### YOUR INSTRUCTIONS
Of the records that follow, copy only the lines from the line containing "Gracias al compartimento" to the line containing "旅游学院副院长王媛媛介绍了荣", both included, exactly as written.

### DATA FOR ANALYSIS
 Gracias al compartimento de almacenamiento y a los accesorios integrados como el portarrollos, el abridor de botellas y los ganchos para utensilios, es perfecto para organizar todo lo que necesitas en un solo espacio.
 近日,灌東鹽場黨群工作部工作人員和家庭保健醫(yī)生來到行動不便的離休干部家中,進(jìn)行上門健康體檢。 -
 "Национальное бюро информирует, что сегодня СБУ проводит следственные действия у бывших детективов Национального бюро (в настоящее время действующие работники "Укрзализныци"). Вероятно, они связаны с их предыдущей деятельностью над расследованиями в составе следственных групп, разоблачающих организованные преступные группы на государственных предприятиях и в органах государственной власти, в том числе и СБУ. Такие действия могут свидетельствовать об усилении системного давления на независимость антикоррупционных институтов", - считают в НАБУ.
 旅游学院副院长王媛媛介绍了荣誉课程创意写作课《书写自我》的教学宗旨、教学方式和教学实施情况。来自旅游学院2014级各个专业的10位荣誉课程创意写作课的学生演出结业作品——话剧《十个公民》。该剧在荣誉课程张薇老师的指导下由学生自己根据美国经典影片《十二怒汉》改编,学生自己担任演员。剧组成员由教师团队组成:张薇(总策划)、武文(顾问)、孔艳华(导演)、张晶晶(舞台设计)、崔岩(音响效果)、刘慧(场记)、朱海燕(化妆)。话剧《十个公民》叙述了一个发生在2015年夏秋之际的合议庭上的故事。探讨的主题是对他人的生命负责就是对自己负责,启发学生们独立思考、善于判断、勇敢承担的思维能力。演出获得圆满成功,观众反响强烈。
--
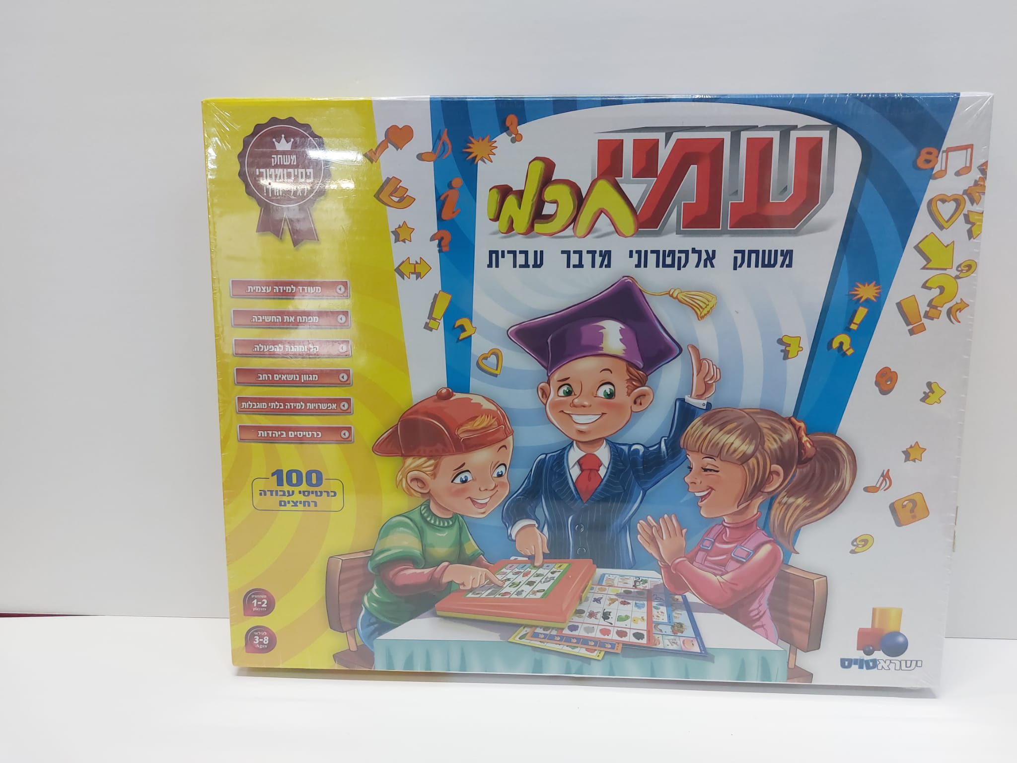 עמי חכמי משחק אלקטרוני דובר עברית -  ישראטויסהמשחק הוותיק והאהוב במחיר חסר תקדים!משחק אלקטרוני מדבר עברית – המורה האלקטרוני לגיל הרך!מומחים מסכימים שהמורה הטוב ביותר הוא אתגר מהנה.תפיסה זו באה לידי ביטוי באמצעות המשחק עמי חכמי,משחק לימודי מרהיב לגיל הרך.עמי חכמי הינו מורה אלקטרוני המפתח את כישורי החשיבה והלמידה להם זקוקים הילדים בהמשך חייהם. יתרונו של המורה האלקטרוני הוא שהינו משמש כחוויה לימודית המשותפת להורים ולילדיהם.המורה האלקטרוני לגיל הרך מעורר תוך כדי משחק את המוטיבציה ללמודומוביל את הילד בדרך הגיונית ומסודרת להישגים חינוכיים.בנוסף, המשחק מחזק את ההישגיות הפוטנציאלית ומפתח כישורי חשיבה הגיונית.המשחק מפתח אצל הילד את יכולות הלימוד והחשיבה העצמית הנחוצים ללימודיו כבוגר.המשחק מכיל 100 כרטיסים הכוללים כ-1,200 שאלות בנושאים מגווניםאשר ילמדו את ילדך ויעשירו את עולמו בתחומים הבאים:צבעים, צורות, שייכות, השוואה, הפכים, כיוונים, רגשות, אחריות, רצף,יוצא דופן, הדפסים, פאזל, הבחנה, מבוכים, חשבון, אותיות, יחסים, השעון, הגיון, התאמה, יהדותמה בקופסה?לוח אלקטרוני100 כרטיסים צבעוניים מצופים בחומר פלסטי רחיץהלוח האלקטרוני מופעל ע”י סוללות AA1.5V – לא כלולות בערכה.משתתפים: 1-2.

### ANSWER BOX
 Gracias al compartimento de almacenamiento y a los accesorios integrados como el portarrollos, el abridor de botellas y los ganchos para utensilios, es perfecto para organizar todo lo que necesitas en un solo espacio.
 近日,灌東鹽場黨群工作部工作人員和家庭保健醫(yī)生來到行動不便的離休干部家中,進(jìn)行上門健康體檢。 -
 "Национальное бюро информирует, что сегодня СБУ проводит следственные действия у бывших детективов Национального бюро (в настоящее время действующие работники "Укрзализныци"). Вероятно, они связаны с их предыдущей деятельностью над расследованиями в составе следственных групп, разоблачающих организованные преступные группы на государственных предприятиях и в органах государственной власти, в том числе и СБУ. Такие действия могут свидетельствовать об усилении системного давления на независимость антикоррупционных институтов", - считают в НАБУ.
 旅游学院副院长王媛媛介绍了荣誉课程创意写作课《书写自我》的教学宗旨、教学方式和教学实施情况。来自旅游学院2014级各个专业的10位荣誉课程创意写作课的学生演出结业作品——话剧《十个公民》。该剧在荣誉课程张薇老师的指导下由学生自己根据美国经典影片《十二怒汉》改编,学生自己担任演员。剧组成员由教师团队组成:张薇(总策划)、武文(顾问)、孔艳华(导演)、张晶晶(舞台设计)、崔岩(音响效果)、刘慧(场记)、朱海燕(化妆)。话剧《十个公民》叙述了一个发生在2015年夏秋之际的合议庭上的故事。探讨的主题是对他人的生命负责就是对自己负责,启发学生们独立思考、善于判断、勇敢承担的思维能力。演出获得圆满成功,观众反响强烈。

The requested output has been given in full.